## Problem requirements
The task calls for the lines from the start of the entries below through the line with "川财证券:医药生物行业周报:板块小幅调整,关注医保目录谈判结果.pdf", given again verbatim, with every picture dropped.

********************

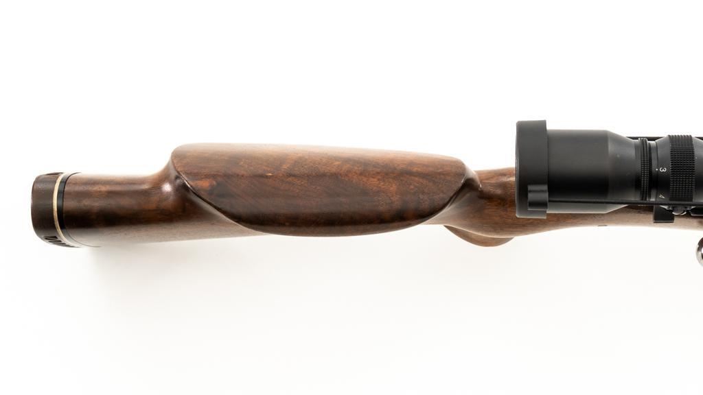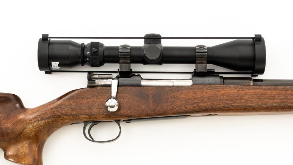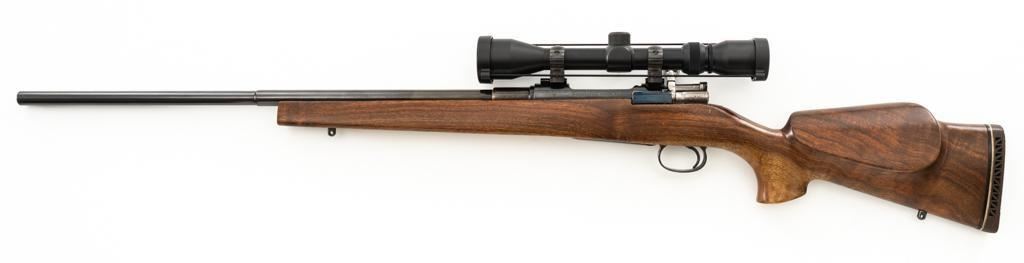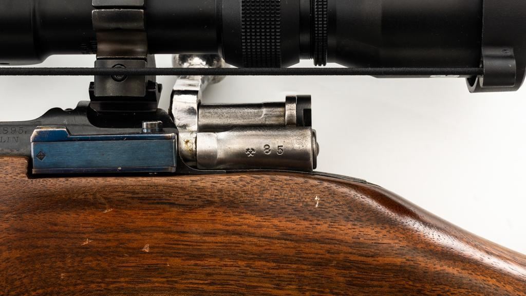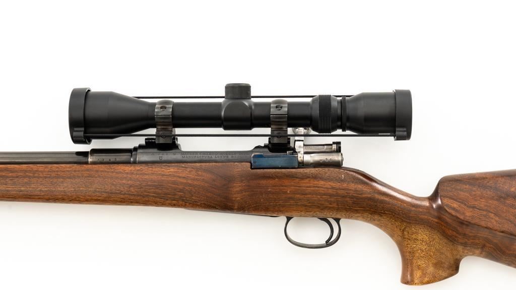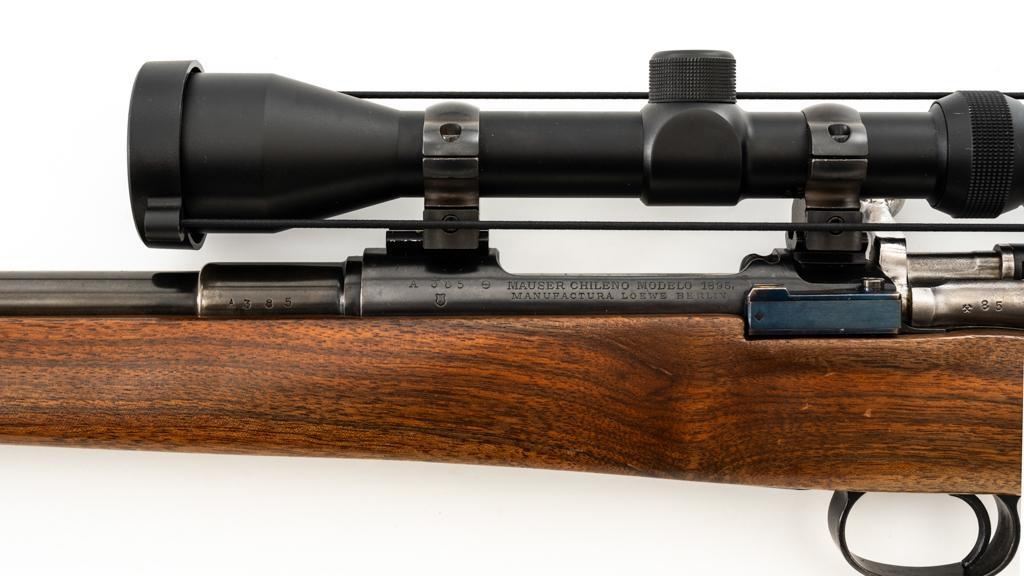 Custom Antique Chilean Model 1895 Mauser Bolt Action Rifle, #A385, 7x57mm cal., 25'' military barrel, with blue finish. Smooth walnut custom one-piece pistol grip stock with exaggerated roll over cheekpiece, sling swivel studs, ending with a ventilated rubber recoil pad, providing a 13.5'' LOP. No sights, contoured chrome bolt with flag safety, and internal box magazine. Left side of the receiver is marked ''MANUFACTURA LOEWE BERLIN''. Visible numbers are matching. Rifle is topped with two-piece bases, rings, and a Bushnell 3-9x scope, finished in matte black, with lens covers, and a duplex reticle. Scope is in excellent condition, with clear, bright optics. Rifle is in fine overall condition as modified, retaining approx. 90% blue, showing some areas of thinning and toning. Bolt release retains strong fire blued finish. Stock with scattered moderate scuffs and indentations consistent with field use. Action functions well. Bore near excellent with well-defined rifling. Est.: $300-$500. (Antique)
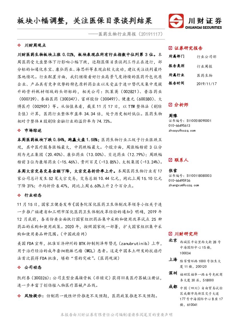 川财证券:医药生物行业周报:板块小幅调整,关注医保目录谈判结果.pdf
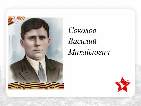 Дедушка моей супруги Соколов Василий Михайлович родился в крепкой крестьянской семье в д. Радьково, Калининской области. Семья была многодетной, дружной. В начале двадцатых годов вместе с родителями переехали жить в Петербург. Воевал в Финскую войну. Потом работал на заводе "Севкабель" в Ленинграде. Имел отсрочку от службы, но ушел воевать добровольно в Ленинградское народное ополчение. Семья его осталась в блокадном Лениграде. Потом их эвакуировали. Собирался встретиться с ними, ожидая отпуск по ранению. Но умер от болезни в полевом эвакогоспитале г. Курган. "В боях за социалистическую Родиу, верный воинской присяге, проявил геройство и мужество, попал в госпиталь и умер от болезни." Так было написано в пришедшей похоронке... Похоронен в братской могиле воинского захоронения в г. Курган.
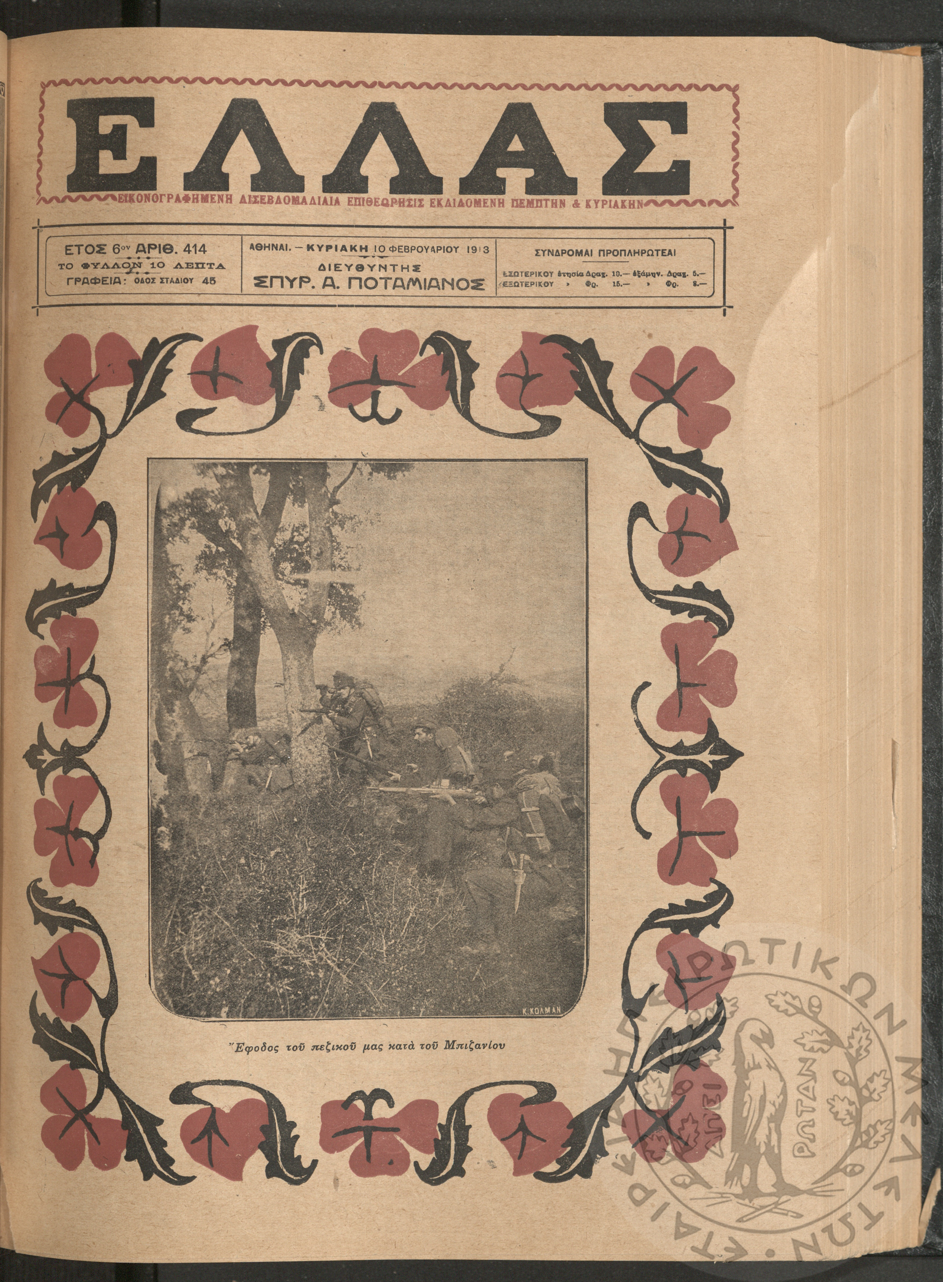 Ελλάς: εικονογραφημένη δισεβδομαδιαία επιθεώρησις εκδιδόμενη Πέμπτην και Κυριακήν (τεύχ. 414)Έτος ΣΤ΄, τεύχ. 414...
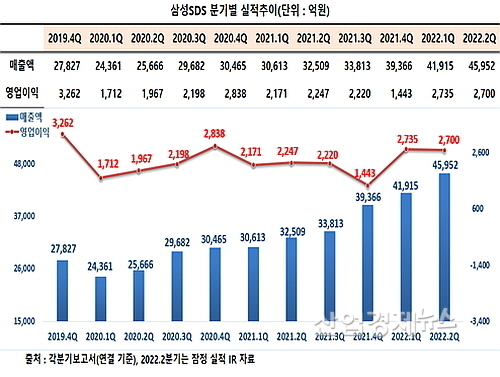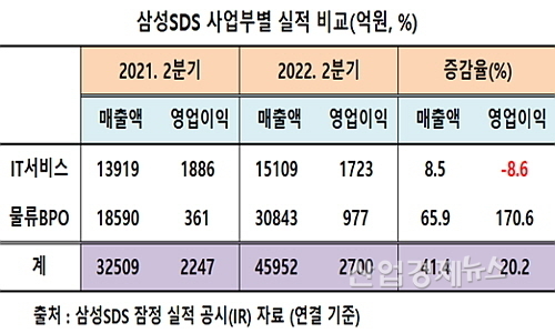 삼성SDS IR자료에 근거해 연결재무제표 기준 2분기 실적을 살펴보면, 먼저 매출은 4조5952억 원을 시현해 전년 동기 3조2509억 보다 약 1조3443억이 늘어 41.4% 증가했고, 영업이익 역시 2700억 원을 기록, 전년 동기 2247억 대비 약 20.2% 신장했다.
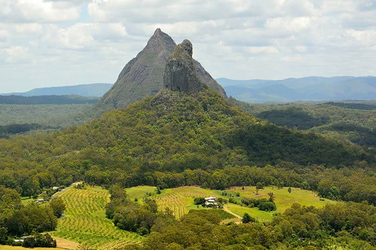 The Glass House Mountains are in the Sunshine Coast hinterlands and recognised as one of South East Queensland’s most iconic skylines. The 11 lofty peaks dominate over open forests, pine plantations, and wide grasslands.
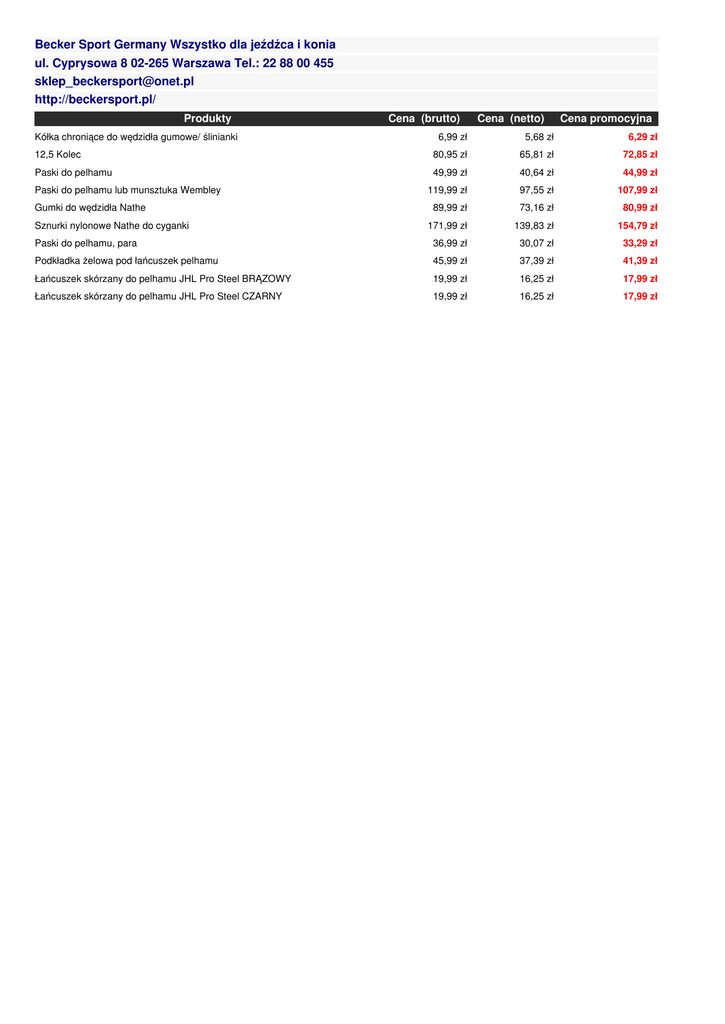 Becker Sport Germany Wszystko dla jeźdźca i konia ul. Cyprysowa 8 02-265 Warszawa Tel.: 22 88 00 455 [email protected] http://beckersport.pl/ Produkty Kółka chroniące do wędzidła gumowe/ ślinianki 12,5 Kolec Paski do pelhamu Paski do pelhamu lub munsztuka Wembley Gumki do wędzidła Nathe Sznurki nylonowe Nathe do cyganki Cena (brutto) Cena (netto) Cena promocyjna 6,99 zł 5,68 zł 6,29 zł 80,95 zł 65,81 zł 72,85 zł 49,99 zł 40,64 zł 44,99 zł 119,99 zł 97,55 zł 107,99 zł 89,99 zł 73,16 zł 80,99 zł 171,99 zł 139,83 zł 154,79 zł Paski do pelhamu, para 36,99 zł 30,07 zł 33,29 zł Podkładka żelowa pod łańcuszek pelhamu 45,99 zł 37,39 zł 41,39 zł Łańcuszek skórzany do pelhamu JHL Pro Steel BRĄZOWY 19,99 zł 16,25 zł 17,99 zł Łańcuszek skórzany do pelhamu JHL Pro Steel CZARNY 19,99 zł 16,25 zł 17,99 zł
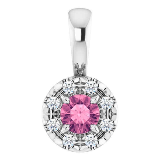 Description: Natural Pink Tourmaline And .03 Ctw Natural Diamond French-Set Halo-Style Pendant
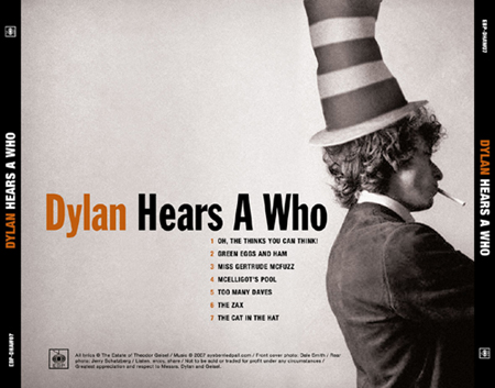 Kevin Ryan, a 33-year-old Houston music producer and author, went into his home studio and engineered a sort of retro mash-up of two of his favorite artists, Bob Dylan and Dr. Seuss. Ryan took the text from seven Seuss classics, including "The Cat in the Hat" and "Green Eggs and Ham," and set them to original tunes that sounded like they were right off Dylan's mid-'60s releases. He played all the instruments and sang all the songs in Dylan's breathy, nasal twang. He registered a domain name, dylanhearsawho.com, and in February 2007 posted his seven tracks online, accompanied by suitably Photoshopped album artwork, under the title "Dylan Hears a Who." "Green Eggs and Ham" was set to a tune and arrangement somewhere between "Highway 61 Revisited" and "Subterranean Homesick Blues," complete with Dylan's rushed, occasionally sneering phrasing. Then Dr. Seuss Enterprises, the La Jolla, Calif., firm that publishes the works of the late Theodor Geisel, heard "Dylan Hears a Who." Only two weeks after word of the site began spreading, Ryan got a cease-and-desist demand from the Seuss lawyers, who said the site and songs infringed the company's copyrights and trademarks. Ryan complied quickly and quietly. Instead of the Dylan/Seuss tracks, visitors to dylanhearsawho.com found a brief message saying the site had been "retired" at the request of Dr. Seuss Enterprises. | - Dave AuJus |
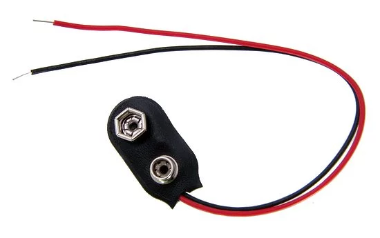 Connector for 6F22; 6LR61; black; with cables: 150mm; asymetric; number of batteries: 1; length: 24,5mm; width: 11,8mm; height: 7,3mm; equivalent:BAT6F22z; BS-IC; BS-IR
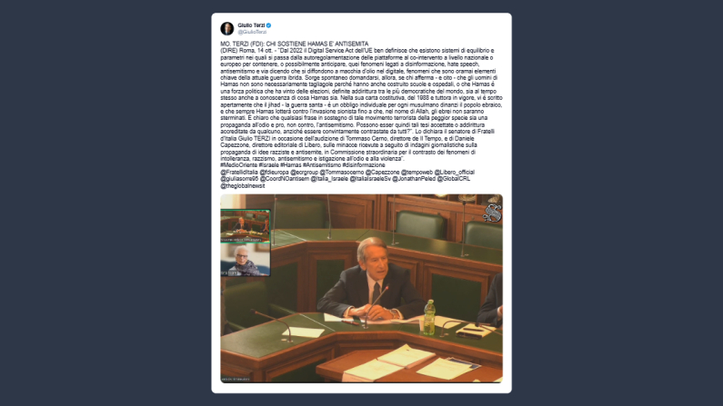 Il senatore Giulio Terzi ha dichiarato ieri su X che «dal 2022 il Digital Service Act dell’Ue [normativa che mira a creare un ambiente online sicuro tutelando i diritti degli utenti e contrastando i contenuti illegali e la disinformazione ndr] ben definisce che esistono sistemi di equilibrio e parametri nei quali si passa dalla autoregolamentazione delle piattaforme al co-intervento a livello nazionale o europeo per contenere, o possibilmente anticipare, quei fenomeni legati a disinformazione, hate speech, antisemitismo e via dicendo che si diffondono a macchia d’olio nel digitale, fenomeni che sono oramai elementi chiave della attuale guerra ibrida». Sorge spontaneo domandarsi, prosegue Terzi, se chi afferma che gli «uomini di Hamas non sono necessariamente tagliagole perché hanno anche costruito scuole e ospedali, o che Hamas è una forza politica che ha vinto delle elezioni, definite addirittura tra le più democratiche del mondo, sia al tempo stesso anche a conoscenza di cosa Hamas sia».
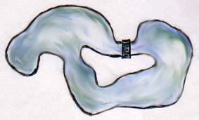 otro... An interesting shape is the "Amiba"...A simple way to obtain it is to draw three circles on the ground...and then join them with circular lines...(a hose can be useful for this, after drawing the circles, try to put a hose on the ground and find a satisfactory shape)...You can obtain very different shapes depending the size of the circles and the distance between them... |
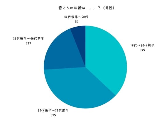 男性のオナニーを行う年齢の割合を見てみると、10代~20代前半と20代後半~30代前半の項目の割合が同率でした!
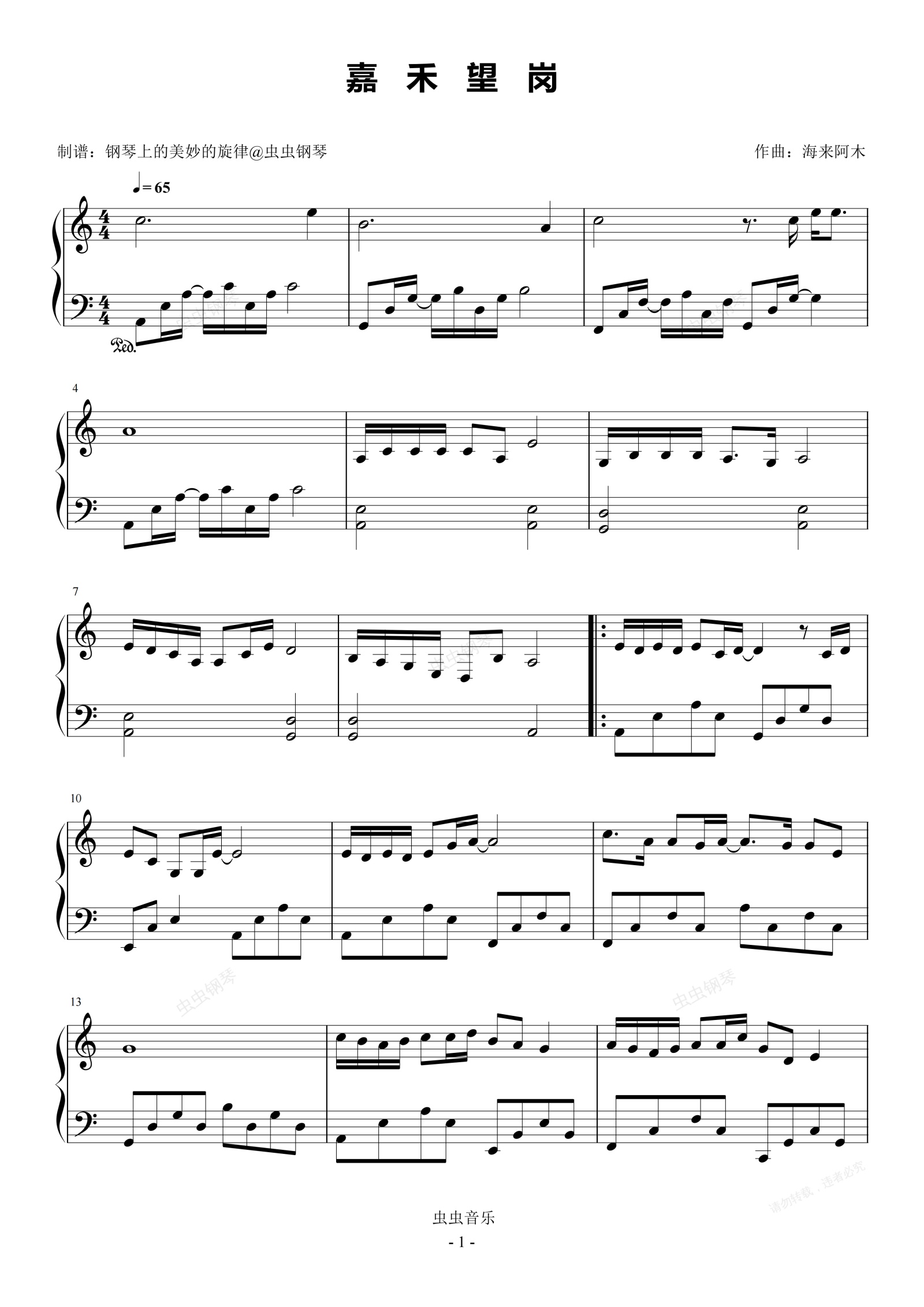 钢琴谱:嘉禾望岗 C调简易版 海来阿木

********************

## Exercise answer
 Custom Antique Chilean Model 1895 Mauser Bolt Action Rifle, #A385, 7x57mm cal., 25'' military barrel, with blue finish. Smooth walnut custom one-piece pistol grip stock with exaggerated roll over cheekpiece, sling swivel studs, ending with a ventilated rubber recoil pad, providing a 13.5'' LOP. No sights, contoured chrome bolt with flag safety, and internal box magazine. Left side of the receiver is marked ''MANUFACTURA LOEWE BERLIN''. Visible numbers are matching. Rifle is topped with two-piece bases, rings, and a Bushnell 3-9x scope, finished in matte black, with lens covers, and a duplex reticle. Scope is in excellent condition, with clear, bright optics. Rifle is in fine overall condition as modified, retaining approx. 90% blue, showing some areas of thinning and toning. Bolt release retains strong fire blued finish. Stock with scattered moderate scuffs and indentations consistent with field use. Action functions well. Bore near excellent with well-defined rifling. Est.: $300-$500. (Antique)
 川财证券:医药生物行业周报:板块小幅调整,关注医保目录谈判结果.pdf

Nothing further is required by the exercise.